LangChain and lamaIndex is really is boilerplate imho , they create more problems then they solve with their over abstraction , can you show vanilla example of how to do rag ?
I find chroma is not very suitable for local RAG. It sends back telemetry data to their devs. One needs to set anonymized_telemetry=False to keep it quiet. Also, running ollama with some of the tools mentioned behind a firewall/proxy can be a challenge.
i've thought it is possible to switch it off completely. There is a big choice of vector or hybrid local databases these days, including postgres and mongo.
@@stanTrX I was hoping to get a better one suggested. I would prefer to use MariaDB, as I have it as a relational DB anyway on my server. Though, I've never seen any RAG examples with it.
how does this compare to ms' recently opensourced graphrag? btw there are graphrag w/ ollama implementation tutorials (2 diff versions to do it, 1 is a "hack" / req graphrag python lib change to make it work w/ ollama, other one req lm studio)... with 2 types of querying: "global", which works fine, always; "local", which often / usually fails (w/ various error msgs / for various reasons)
Hey Sam! For now Gemma2 is still broken in Ollama, which doesn't include yet the latest llama.cpp fixes required. It's about the tokenizer: and are interpreted as text instead of special tokens, and of course things don't really work as expected as a result. I believe it'll be fixed in the next Ollama update tho - very soon. But it's too early for Gemma 2 evaluations using Ollama at the moment, like many are making on their own or publishing in videos.
@@samwitteveenai good to know! Personally for RAG applications I'm always unsure on using a chat template or not. Typically, I'm setting the task and data to look at as system prompt, and then have the standard user/assistant roles following the template. But then, Gemma models don't support the system role at all so... 😅
For Ollama I am not sure if it operates different when you call it as an API. I need to look into. I saw the Ollama people were in the early access group with me so I figured they would have figured it out, but everything was very last minute for all of us this time round, so they may have gotten quant versions much later.
@@samwitteveenai Ollama has chat and generate API endpoints. For the chat endpoint you're expected to pass a list of messages with roles, and that'll be formatted according to the model's chat template. For the generate endpoint, it's just text that'll be passed to the LLM. Which one will answer your questions best tho, is worth looking into 😃
And the generate has an option raw that when you set it to true it does not further apply any template. It takes the input as is. Useful when you want to apply the template by yourself.

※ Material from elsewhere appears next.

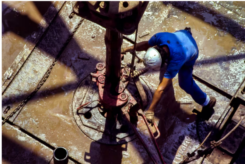
Imagen de referencia.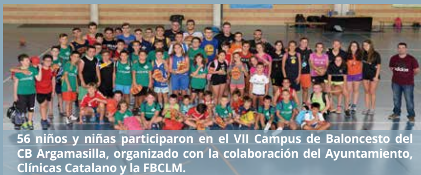
56 niños y niñas participaron en el VII Campus de Baloncesto del CB Argamasilla, organizado con la colaboración del Ayuntamiento, Clínicas Catalano y la FBCLM.

Hello, i'm french, sorry for translate, really good job, i have a question, how do you add pfd to txt on the top of your code ? **/*.txt, *.pdf or anything ? thank you
i see that it is working quite fast on Mac Mini. But what are RAM requirements for model and chroma? Does it require GPU for acceptable performance? You've mentioned that choice of embedder is important. As I understand the same vector dimensionality is not required, since you use embeddings only during embedding process and vector search. But what about "semantic" compatibility between embedder and LLM? I can imagine that embedder could map semantic meaning in its vector space differently from Gemma or LLama. Is it even possible to compare to ensure that you use the best possible embedder for some model?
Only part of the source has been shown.